ENTRIES SUPPLIED: Begin

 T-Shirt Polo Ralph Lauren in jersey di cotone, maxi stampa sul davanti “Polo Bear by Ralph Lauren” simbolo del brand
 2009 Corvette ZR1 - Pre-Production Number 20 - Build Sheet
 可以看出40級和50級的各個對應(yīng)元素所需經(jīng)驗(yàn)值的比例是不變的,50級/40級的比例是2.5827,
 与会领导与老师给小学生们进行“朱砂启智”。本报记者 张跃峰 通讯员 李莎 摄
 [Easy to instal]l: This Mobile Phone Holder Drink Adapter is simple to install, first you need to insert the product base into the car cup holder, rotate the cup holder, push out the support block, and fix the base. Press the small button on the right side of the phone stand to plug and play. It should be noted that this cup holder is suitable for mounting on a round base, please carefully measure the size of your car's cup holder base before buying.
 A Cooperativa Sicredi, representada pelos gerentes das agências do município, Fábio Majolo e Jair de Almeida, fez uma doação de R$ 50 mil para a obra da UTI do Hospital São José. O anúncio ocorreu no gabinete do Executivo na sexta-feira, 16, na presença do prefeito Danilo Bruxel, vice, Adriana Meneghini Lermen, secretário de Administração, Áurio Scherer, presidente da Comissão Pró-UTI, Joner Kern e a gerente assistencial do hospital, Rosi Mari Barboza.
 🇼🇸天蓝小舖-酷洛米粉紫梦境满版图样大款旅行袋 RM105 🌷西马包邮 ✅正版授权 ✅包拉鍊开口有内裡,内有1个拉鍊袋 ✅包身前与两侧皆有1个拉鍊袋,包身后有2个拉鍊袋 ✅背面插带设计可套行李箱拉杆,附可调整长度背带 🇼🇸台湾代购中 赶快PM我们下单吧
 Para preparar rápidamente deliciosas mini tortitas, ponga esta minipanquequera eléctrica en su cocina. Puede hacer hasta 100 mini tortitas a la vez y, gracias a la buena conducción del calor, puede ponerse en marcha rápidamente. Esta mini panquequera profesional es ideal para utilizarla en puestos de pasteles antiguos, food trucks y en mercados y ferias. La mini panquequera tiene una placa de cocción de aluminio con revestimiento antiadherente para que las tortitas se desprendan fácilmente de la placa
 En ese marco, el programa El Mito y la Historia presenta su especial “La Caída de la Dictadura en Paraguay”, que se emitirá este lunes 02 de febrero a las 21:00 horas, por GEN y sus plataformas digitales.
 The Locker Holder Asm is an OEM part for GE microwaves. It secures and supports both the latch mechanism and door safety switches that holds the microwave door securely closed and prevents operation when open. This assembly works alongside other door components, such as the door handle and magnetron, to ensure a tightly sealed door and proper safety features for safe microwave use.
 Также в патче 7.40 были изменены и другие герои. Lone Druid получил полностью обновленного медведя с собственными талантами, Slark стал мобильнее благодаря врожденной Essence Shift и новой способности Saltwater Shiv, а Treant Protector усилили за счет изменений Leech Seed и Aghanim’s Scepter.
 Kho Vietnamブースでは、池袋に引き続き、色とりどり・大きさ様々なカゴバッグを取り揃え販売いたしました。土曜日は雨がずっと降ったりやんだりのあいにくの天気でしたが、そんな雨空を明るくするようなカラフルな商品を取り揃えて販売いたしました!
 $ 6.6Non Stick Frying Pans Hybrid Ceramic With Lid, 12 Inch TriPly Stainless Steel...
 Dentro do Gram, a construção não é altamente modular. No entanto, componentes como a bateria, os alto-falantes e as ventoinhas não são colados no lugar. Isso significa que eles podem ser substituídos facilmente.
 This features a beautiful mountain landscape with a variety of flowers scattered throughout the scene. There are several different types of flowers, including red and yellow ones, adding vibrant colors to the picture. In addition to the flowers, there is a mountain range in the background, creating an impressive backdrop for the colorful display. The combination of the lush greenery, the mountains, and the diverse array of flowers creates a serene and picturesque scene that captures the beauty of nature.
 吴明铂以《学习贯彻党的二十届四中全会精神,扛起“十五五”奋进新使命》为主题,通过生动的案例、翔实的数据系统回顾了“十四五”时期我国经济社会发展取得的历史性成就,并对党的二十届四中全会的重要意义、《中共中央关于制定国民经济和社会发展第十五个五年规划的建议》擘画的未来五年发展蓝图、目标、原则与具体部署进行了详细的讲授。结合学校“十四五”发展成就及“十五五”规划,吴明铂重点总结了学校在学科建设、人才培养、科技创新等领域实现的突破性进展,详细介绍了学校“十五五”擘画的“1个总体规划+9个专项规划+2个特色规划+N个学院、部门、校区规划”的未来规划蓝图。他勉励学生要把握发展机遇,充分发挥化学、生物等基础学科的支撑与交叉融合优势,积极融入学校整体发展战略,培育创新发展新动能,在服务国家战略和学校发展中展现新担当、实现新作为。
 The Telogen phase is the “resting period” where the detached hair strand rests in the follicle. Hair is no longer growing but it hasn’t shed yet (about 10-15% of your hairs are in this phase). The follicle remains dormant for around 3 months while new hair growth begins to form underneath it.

ENTRIES SUPPLIED: End

ABOUT THIS TASK
Retype the records above in full, with no differences.

ANSWER
 T-Shirt Polo Ralph Lauren in jersey di cotone, maxi stampa sul davanti “Polo Bear by Ralph Lauren” simbolo del brand
 2009 Corvette ZR1 - Pre-Production Number 20 - Build Sheet
 可以看出40級和50級的各個對應(yīng)元素所需經(jīng)驗(yàn)值的比例是不變的,50級/40級的比例是2.5827,
 与会领导与老师给小学生们进行“朱砂启智”。本报记者 张跃峰 通讯员 李莎 摄
 [Easy to instal]l: This Mobile Phone Holder Drink Adapter is simple to install, first you need to insert the product base into the car cup holder, rotate the cup holder, push out the support block, and fix the base. Press the small button on the right side of the phone stand to plug and play. It should be noted that this cup holder is suitable for mounting on a round base, please carefully measure the size of your car's cup holder base before buying.
 A Cooperativa Sicredi, representada pelos gerentes das agências do município, Fábio Majolo e Jair de Almeida, fez uma doação de R$ 50 mil para a obra da UTI do Hospital São José. O anúncio ocorreu no gabinete do Executivo na sexta-feira, 16, na presença do prefeito Danilo Bruxel, vice, Adriana Meneghini Lermen, secretário de Administração, Áurio Scherer, presidente da Comissão Pró-UTI, Joner Kern e a gerente assistencial do hospital, Rosi Mari Barboza.
 🇼🇸天蓝小舖-酷洛米粉紫梦境满版图样大款旅行袋 RM105 🌷西马包邮 ✅正版授权 ✅包拉鍊开口有内裡,内有1个拉鍊袋 ✅包身前与两侧皆有1个拉鍊袋,包身后有2个拉鍊袋 ✅背面插带设计可套行李箱拉杆,附可调整长度背带 🇼🇸台湾代购中 赶快PM我们下单吧
 Para preparar rápidamente deliciosas mini tortitas, ponga esta minipanquequera eléctrica en su cocina. Puede hacer hasta 100 mini tortitas a la vez y, gracias a la buena conducción del calor, puede ponerse en marcha rápidamente. Esta mini panquequera profesional es ideal para utilizarla en puestos de pasteles antiguos, food trucks y en mercados y ferias. La mini panquequera tiene una placa de cocción de aluminio con revestimiento antiadherente para que las tortitas se desprendan fácilmente de la placa
 En ese marco, el programa El Mito y la Historia presenta su especial “La Caída de la Dictadura en Paraguay”, que se emitirá este lunes 02 de febrero a las 21:00 horas, por GEN y sus plataformas digitales.
 The Locker Holder Asm is an OEM part for GE microwaves. It secures and supports both the latch mechanism and door safety switches that holds the microwave door securely closed and prevents operation when open. This assembly works alongside other door components, such as the door handle and magnetron, to ensure a tightly sealed door and proper safety features for safe microwave use.
 Также в патче 7.40 были изменены и другие герои. Lone Druid получил полностью обновленного медведя с собственными талантами, Slark стал мобильнее благодаря врожденной Essence Shift и новой способности Saltwater Shiv, а Treant Protector усилили за счет изменений Leech Seed и Aghanim’s Scepter.
 Kho Vietnamブースでは、池袋に引き続き、色とりどり・大きさ様々なカゴバッグを取り揃え販売いたしました。土曜日は雨がずっと降ったりやんだりのあいにくの天気でしたが、そんな雨空を明るくするようなカラフルな商品を取り揃えて販売いたしました!
 $ 6.6Non Stick Frying Pans Hybrid Ceramic With Lid, 12 Inch TriPly Stainless Steel...
 Dentro do Gram, a construção não é altamente modular. No entanto, componentes como a bateria, os alto-falantes e as ventoinhas não são colados no lugar. Isso significa que eles podem ser substituídos facilmente.
 This features a beautiful mountain landscape with a variety of flowers scattered throughout the scene. There are several different types of flowers, including red and yellow ones, adding vibrant colors to the picture. In addition to the flowers, there is a mountain range in the background, creating an impressive backdrop for the colorful display. The combination of the lush greenery, the mountains, and the diverse array of flowers creates a serene and picturesque scene that captures the beauty of nature.
 吴明铂以《学习贯彻党的二十届四中全会精神,扛起“十五五”奋进新使命》为主题,通过生动的案例、翔实的数据系统回顾了“十四五”时期我国经济社会发展取得的历史性成就,并对党的二十届四中全会的重要意义、《中共中央关于制定国民经济和社会发展第十五个五年规划的建议》擘画的未来五年发展蓝图、目标、原则与具体部署进行了详细的讲授。结合学校“十四五”发展成就及“十五五”规划,吴明铂重点总结了学校在学科建设、人才培养、科技创新等领域实现的突破性进展,详细介绍了学校“十五五”擘画的“1个总体规划+9个专项规划+2个特色规划+N个学院、部门、校区规划”的未来规划蓝图。他勉励学生要把握发展机遇,充分发挥化学、生物等基础学科的支撑与交叉融合优势,积极融入学校整体发展战略,培育创新发展新动能,在服务国家战略和学校发展中展现新担当、实现新作为。
 The Telogen phase is the “resting period” where the detached hair strand rests in the follicle. Hair is no longer growing but it hasn’t shed yet (about 10-15% of your hairs are in this phase). The follicle remains dormant for around 3 months while new hair growth begins to form underneath it.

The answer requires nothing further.